> Task prompt: When you reach a picture, pass over it; otherwise repeat the listing word for word.

======== Collected data ========

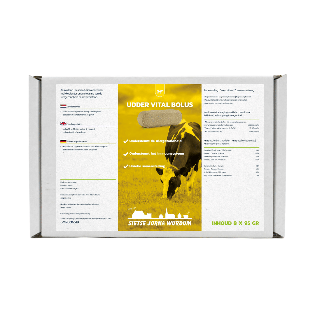 De Udder-Vital bolus SJ is een aanvullend diervoeder (mineraalvoeder) van Sietse Jorna, ter ondersteuning van de uiergezondheid en de algehele weerstand. De Udder Vital bolus is ontwikkeld voor een brede werking en inzetbaarheid, en helpt om het gebruik van antibiotica te verminderen.
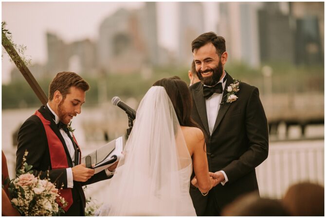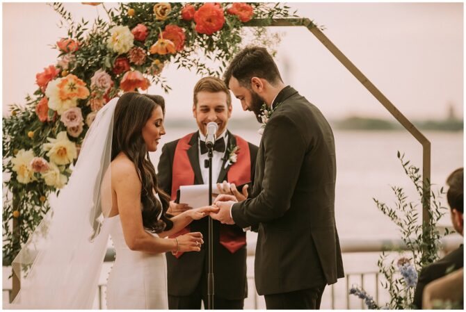 Set against sweeping harbor views, this Brooklyn wedding at The Liberty Warehouse channels pure New York glamour with a modern, city-chic edge.
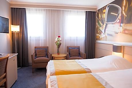 Hotel Le Paddock położony jest na wsi w Magny-Cours i oferuje klimatyzowane, przestronne pokoje, zaledwie 2 km od toru wyścigowego Formuły 1 Magny-Cours. Oferuje on bezpłatne szybkie WiFi, odkryty basen, centrum odnowy biologicznej z sauną i łaźnią turecką oraz kort tenisowy. Z pokoi roztacza się widok na okolicę i pole golfowe. Do dyspozycji Gości jest telewizor z płaskim ekranem i dostępem do kanałów satelitarnych, telefon i biurko. W pokojach z łazienką znajduje się zestaw do parzenia kawy i herbaty. Codziennie rano w hotelowej restauracji serwowane jest śniadanie w formie bufetu. W porze lunchu i kolacji restauracja serwuje również dania kuchni regionalnej. Na terenie obiektu znajduje się bar Le Green z tarasem, na którym można delektować się orzeźwiającym napojem. Hotel znajduje się zaledwie 100 metrów od pola golfowego Nivernais i 15 km od Nevers i jego zabytków. Na miejscu dostępny jest bezpłatny parking publiczny.

========

> Answer to the problem:
 De Udder-Vital bolus SJ is een aanvullend diervoeder (mineraalvoeder) van Sietse Jorna, ter ondersteuning van de uiergezondheid en de algehele weerstand. De Udder Vital bolus is ontwikkeld voor een brede werking en inzetbaarheid, en helpt om het gebruik van antibiotica te verminderen.
 Set against sweeping harbor views, this Brooklyn wedding at The Liberty Warehouse channels pure New York glamour with a modern, city-chic edge.
 Hotel Le Paddock położony jest na wsi w Magny-Cours i oferuje klimatyzowane, przestronne pokoje, zaledwie 2 km od toru wyścigowego Formuły 1 Magny-Cours. Oferuje on bezpłatne szybkie WiFi, odkryty basen, centrum odnowy biologicznej z sauną i łaźnią turecką oraz kort tenisowy. Z pokoi roztacza się widok na okolicę i pole golfowe. Do dyspozycji Gości jest telewizor z płaskim ekranem i dostępem do kanałów satelitarnych, telefon i biurko. W pokojach z łazienką znajduje się zestaw do parzenia kawy i herbaty. Codziennie rano w hotelowej restauracji serwowane jest śniadanie w formie bufetu. W porze lunchu i kolacji restauracja serwuje również dania kuchni regionalnej. Na terenie obiektu znajduje się bar Le Green z tarasem, na którym można delektować się orzeźwiającym napojem. Hotel znajduje się zaledwie 100 metrów od pola golfowego Nivernais i 15 km od Nevers i jego zabytków. Na miejscu dostępny jest bezpłatny parking publiczny.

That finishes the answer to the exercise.